** INPUT DATA follows **

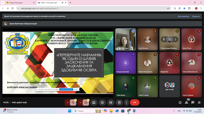 Першою була представлена доповідь “Перевернуте навчання” як один із шляхів заохочення та зацікавлення здобувачів освіти», яку підготувала Ірина ВОЙТОВИЧ, викладачка циклової комісії природничо-математичних дисциплін. У виступі було розкрито переваги моделі «flipped learning» для підвищення активності й самостійності студентів.
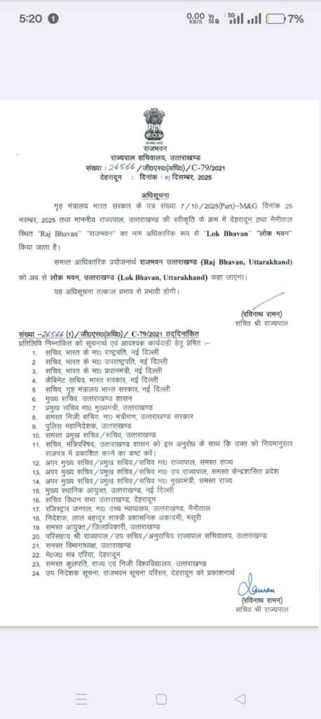 Uttarakhand city news dehradun उत्तराखंड में अब ‘राजभवन’ कहलाएगा ‘लोक भवन’ देहरादून। उत्तराखंड में देहरादून और नैनीताल स्थित राजभवन का नाम अब...
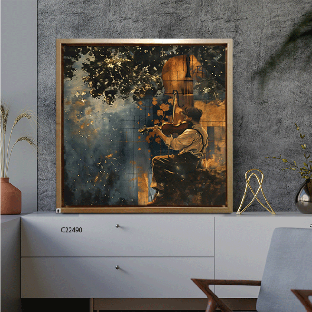 لوحة جدارية كانفس تصور عازف كمان بأسلوب كلاسيكي مع تدرجات من اللون البني والرمادي
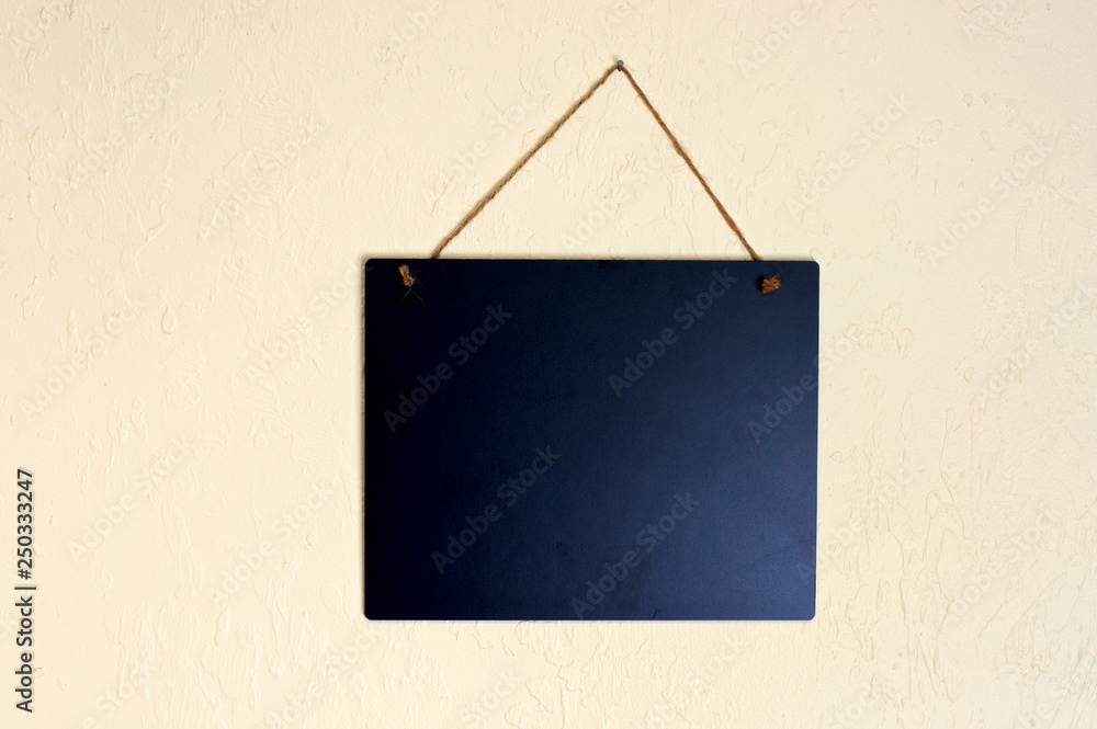 An empty blank black chalkboard hanging on a wall with rope indoors with copy space.

** End of INPUT DATA **

ABOUT THIS TASK |
Strip out the pictures and quote the remaining data word for word.

SOLUTION TO THIS PROBLEM |
 Першою була представлена доповідь “Перевернуте навчання” як один із шляхів заохочення та зацікавлення здобувачів освіти», яку підготувала Ірина ВОЙТОВИЧ, викладачка циклової комісії природничо-математичних дисциплін. У виступі було розкрито переваги моделі «flipped learning» для підвищення активності й самостійності студентів.
 Uttarakhand city news dehradun उत्तराखंड में अब ‘राजभवन’ कहलाएगा ‘लोक भवन’ देहरादून। उत्तराखंड में देहरादून और नैनीताल स्थित राजभवन का नाम अब...
 لوحة جدارية كانفس تصور عازف كمان بأسلوب كلاسيكي مع تدرجات من اللون البني والرمادي
 An empty blank black chalkboard hanging on a wall with rope indoors with copy space.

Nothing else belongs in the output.